In a unanimous opinion, written by Judge Patrick Irvine, joined by Judge Lawrence Winthrop and Judge Philip Hall, the court concluded, “The payments directly promote CityNorth’s private purposes, with only indirect benefits to the city. Under these circumstances, the parking provisions of the agreement unduly promote private interests and violate the gift clause.”
Bolick said, "This ruling vindicates this important provision of the Arizona Constitution. No longer will cities and towns be able to give away our tax dollars to pay private businesses to pursue a profit … tax dollars should be paying for essential services, not for corporate subsidies."
Irvine noted the Arizona Supreme Court’s recognition of several purposes for the gift clause, which included “avoiding the depletion of the public treasury or inflation of the public debt by engagement in nonpublic enterprise,” as public funds are to be expended only for “public purposes” and cannot be used to “foster or promote the purely private or personal interests of any individual.”
Explaining the gift clause’s history, the Arizona Supreme Court stated, “It represents the reaction of public opinion to the orgies of extravagant dissipation of public funds by counties, townships, cities, and towns … and it was designed primarily to prevent the use of public funds raised by general taxation in aid of enterprises apparently devoted to quasi public purposes, but actually engaged in private business.”
According to the agreement, the city wouldn’t begin making payments of 50 percent of the sales tax generated by CityNorth to Klutznick until at least eighty-five percent of the 1.2 million square feet of the project’s retail space and at least 3,180 parking spaces were completed. Payments would continue for no more than eleven years and three months or until $97.4 million is paid, whichever occurs first.
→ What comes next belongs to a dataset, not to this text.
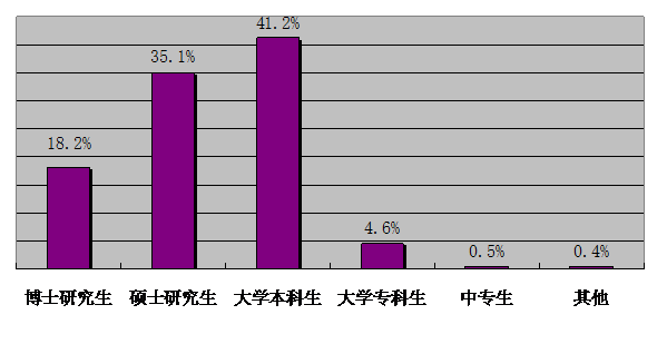 成果完成人情況中,按文化程度區(qū)分:博士研究生1191名,占完成人總?cè)藬?shù)的18.2%;碩士研究生2292名,占完成人總?cè)藬?shù)的35.1%;大學(xué)本科生2688名,占完成人總?cè)藬?shù)的41.2%;大學(xué)??粕?span lang="EN-US">300名,占完成人總?cè)藬?shù)的4.6%;中專生33名,占完成人總?cè)藬?shù)的0.5%;其他學(xué)歷24名,占完成人總?cè)藬?shù)的0.4%(見圖表7)。統(tǒng)計(jì)數(shù)據(jù)顯示,我區(qū)的科技工作者隊(duì)伍以大學(xué)本科及以上學(xué)歷為主。

While all parties seemed to agree the 200 park and ride spaces served a public use allowable under the gift clause, Irvine wrote, “This leaves us with the remaining 2,980 parking spaces that the city asserts it has obtained for free use by the public.”
However, because CityNorth reserved the right to control parking by prohibiting overnight use, vehicles other than passenger vehicles and use of carpool spaces on weekdays from 5 a.m. to 7 p.m. and other regulations, the court concluded the payments by the city were not intended to obtain parking spaces for use by the city but rather for use by others engaging in their own private activities.
“Simply asserting payments are made to obtain ‘public parking’ does not mean the payments serve a public purpose,” wrote Irvine, adding, “We must look at who will actually use the parking spaces and for what reasons. In this case, the ‘public’ that will use the spaces are actually the private customers of CityNorth, who will be parking their cars so that they can do business with CityNorth’s retail tenants.”
Responding to the city’s attempts to justify paying nearly $100 million in public funds to a private party to build a shopping center, Irvine wrote, “Under these circumstances, we think these payments are exactly what the gift clause was intended to prohibit.”
Noting the promotion of economic development, increased employment, an urban core, and an enhanced tax base were legitimate purposes for the city to pursue, Irvine said the court “must also examine the means by which the city seeks to further those purposes. Even if the potential benefits are great, they are not sufficient to overcome the prohibition in the gift clause against donations or subsidies to private persons.”